======== Data for analysis

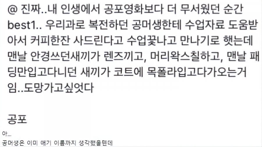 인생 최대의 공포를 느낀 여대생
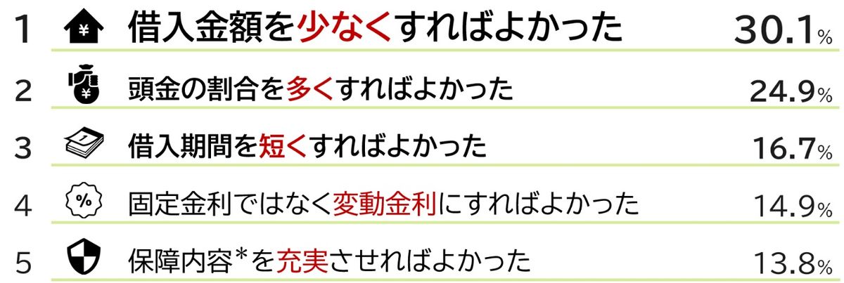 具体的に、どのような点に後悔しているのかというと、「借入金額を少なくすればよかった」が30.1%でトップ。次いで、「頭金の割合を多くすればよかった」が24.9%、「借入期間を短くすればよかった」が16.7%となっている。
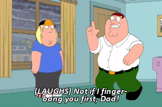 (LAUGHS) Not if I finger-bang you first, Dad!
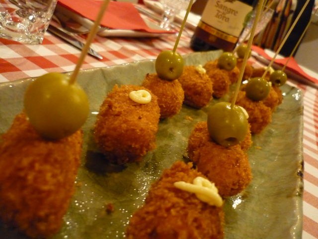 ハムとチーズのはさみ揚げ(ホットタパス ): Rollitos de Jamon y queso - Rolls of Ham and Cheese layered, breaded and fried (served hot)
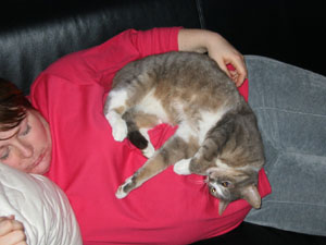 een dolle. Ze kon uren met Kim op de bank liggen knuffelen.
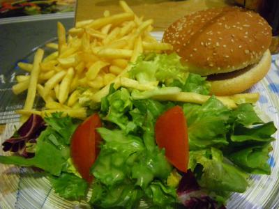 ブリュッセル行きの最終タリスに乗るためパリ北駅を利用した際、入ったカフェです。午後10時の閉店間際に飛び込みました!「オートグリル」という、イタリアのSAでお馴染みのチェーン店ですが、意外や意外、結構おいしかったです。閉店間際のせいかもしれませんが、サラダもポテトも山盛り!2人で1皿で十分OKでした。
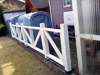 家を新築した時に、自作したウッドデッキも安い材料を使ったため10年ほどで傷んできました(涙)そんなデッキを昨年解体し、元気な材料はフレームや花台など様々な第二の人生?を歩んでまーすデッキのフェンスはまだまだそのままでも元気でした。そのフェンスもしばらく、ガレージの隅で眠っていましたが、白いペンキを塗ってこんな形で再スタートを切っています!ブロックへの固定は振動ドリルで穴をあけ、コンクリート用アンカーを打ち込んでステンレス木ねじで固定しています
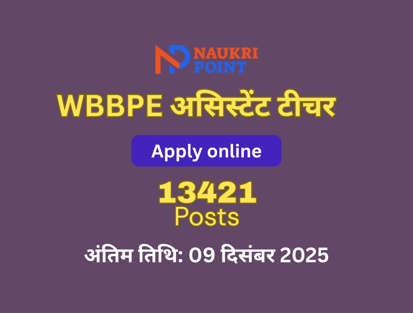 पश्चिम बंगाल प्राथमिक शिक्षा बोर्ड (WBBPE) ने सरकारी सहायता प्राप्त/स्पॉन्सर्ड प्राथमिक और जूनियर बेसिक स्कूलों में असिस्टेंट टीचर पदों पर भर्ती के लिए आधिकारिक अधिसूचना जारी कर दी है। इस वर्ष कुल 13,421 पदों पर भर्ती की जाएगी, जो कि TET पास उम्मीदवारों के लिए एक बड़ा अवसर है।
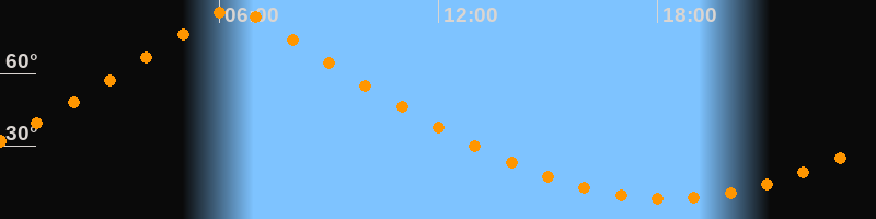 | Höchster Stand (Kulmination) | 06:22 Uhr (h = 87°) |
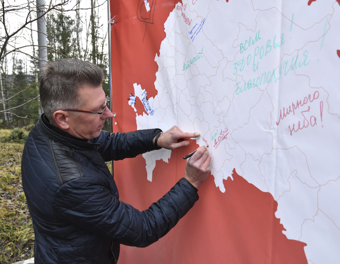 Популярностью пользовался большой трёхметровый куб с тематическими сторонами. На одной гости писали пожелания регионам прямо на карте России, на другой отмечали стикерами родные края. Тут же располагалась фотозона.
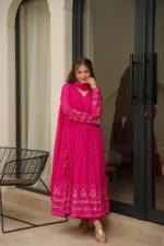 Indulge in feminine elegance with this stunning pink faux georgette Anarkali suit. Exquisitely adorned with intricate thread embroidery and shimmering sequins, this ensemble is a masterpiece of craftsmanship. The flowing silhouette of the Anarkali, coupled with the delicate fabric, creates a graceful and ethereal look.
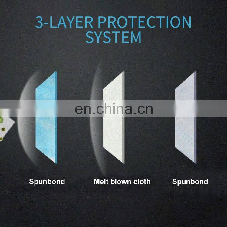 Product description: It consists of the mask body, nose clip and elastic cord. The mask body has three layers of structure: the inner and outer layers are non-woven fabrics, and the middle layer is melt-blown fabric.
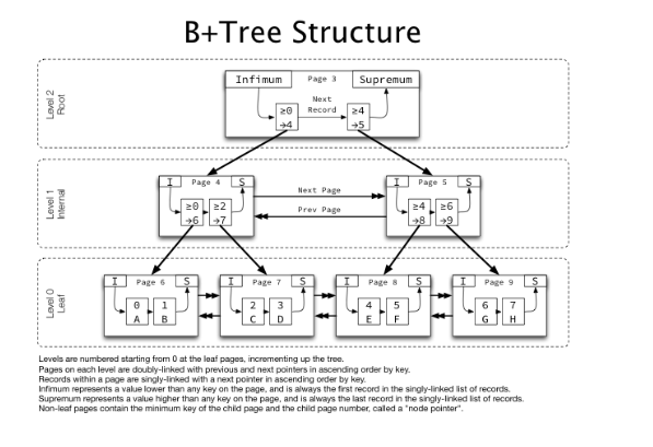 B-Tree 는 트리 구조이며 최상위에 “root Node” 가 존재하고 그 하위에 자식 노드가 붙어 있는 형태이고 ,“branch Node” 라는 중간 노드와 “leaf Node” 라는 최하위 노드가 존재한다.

================

_Aim of the exercise_: Copy out every line above, word for word, minus images.

_Answer box_:
 인생 최대의 공포를 느낀 여대생
 具体的に、どのような点に後悔しているのかというと、「借入金額を少なくすればよかった」が30.1%でトップ。次いで、「頭金の割合を多くすればよかった」が24.9%、「借入期間を短くすればよかった」が16.7%となっている。
 (LAUGHS) Not if I finger-bang you first, Dad!
 ハムとチーズのはさみ揚げ(ホットタパス ): Rollitos de Jamon y queso - Rolls of Ham and Cheese layered, breaded and fried (served hot)
 een dolle. Ze kon uren met Kim op de bank liggen knuffelen.
 ブリュッセル行きの最終タリスに乗るためパリ北駅を利用した際、入ったカフェです。午後10時の閉店間際に飛び込みました!「オートグリル」という、イタリアのSAでお馴染みのチェーン店ですが、意外や意外、結構おいしかったです。閉店間際のせいかもしれませんが、サラダもポテトも山盛り!2人で1皿で十分OKでした。
 家を新築した時に、自作したウッドデッキも安い材料を使ったため10年ほどで傷んできました(涙)そんなデッキを昨年解体し、元気な材料はフレームや花台など様々な第二の人生?を歩んでまーすデッキのフェンスはまだまだそのままでも元気でした。そのフェンスもしばらく、ガレージの隅で眠っていましたが、白いペンキを塗ってこんな形で再スタートを切っています!ブロックへの固定は振動ドリルで穴をあけ、コンクリート用アンカーを打ち込んでステンレス木ねじで固定しています
 पश्चिम बंगाल प्राथमिक शिक्षा बोर्ड (WBBPE) ने सरकारी सहायता प्राप्त/स्पॉन्सर्ड प्राथमिक और जूनियर बेसिक स्कूलों में असिस्टेंट टीचर पदों पर भर्ती के लिए आधिकारिक अधिसूचना जारी कर दी है। इस वर्ष कुल 13,421 पदों पर भर्ती की जाएगी, जो कि TET पास उम्मीदवारों के लिए एक बड़ा अवसर है।
 | Höchster Stand (Kulmination) | 06:22 Uhr (h = 87°) |
 Популярностью пользовался большой трёхметровый куб с тематическими сторонами. На одной гости писали пожелания регионам прямо на карте России, на другой отмечали стикерами родные края. Тут же располагалась фотозона.
 Indulge in feminine elegance with this stunning pink faux georgette Anarkali suit. Exquisitely adorned with intricate thread embroidery and shimmering sequins, this ensemble is a masterpiece of craftsmanship. The flowing silhouette of the Anarkali, coupled with the delicate fabric, creates a graceful and ethereal look.
 Product description: It consists of the mask body, nose clip and elastic cord. The mask body has three layers of structure: the inner and outer layers are non-woven fabrics, and the middle layer is melt-blown fabric.
 B-Tree 는 트리 구조이며 최상위에 “root Node” 가 존재하고 그 하위에 자식 노드가 붙어 있는 형태이고 ,“branch Node” 라는 중간 노드와 “leaf Node” 라는 최하위 노드가 존재한다.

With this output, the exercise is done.